◆ **Task to carry out**: Send back the line that contains "Weber Vaver Erno" and all lines following it through the end of the data below, exactly, omitting pictures.

◆ **Data segment**:
——

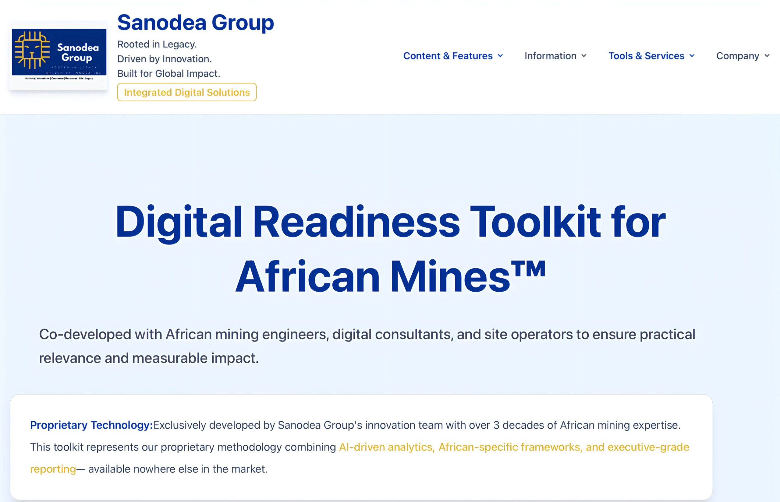 The Digital Readiness Toolkit for African Mines™ is a proprietary digital transformation framework developed by Sanodea Group, under the leadership of Mr. Jean Y. Marais. It is designed to accelerate digital adoption in Africa’s mining sector by providing executives and decision-makers with a structured pathway to operational excellence, regulatory compliance, and sustainable growth in an increasingly competitive and technologically advanced industry.
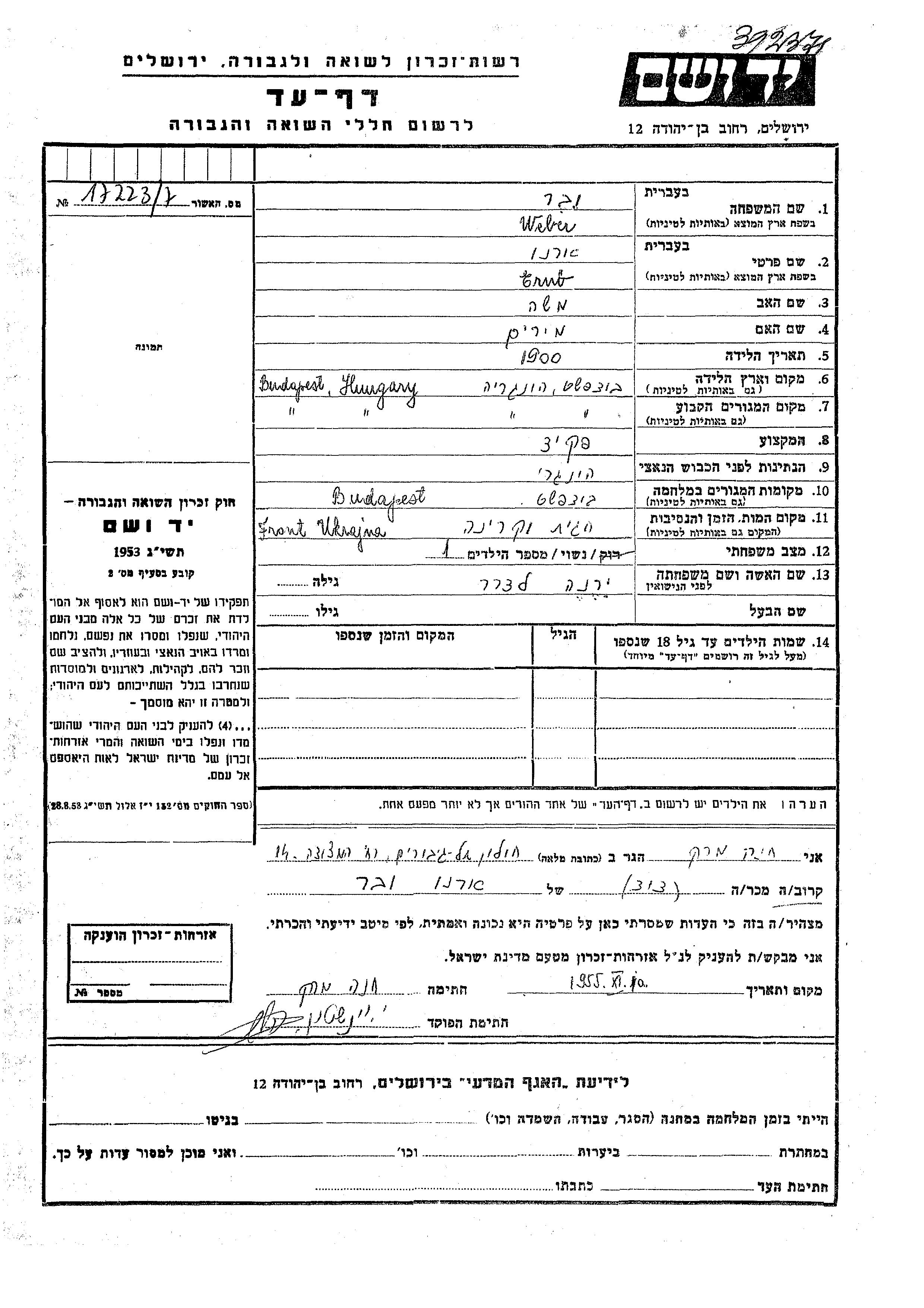 Weber Vaver Erno 1900 Budapest, Hungary Page of Testimony
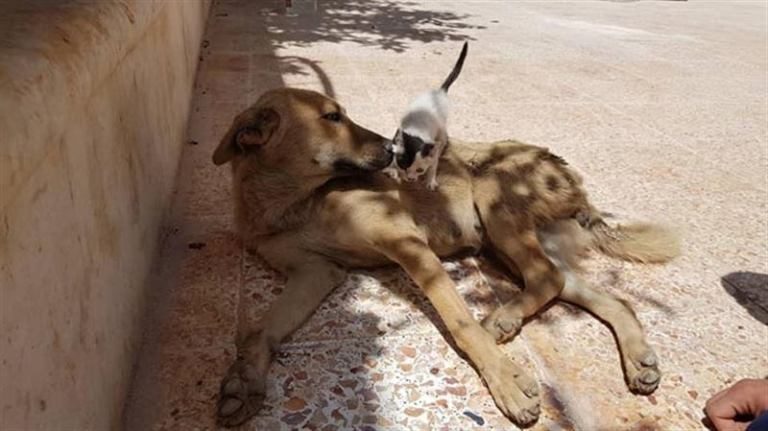 Мама-собака разрешает котенку-сыночку залазить на свою спину. Кажется, оба очень счастливы быть вместе. Очень хочется, чтобы у этой необычной семьи все было хорошо. И чтобы война в их родном городе поскорее закончилась.

——

◆ **Result of the task**:
 Weber Vaver Erno 1900 Budapest, Hungary Page of Testimony
 Мама-собака разрешает котенку-сыночку залазить на свою спину. Кажется, оба очень счастливы быть вместе. Очень хочется, чтобы у этой необычной семьи все было хорошо. И чтобы война в их родном городе поскорее закончилась.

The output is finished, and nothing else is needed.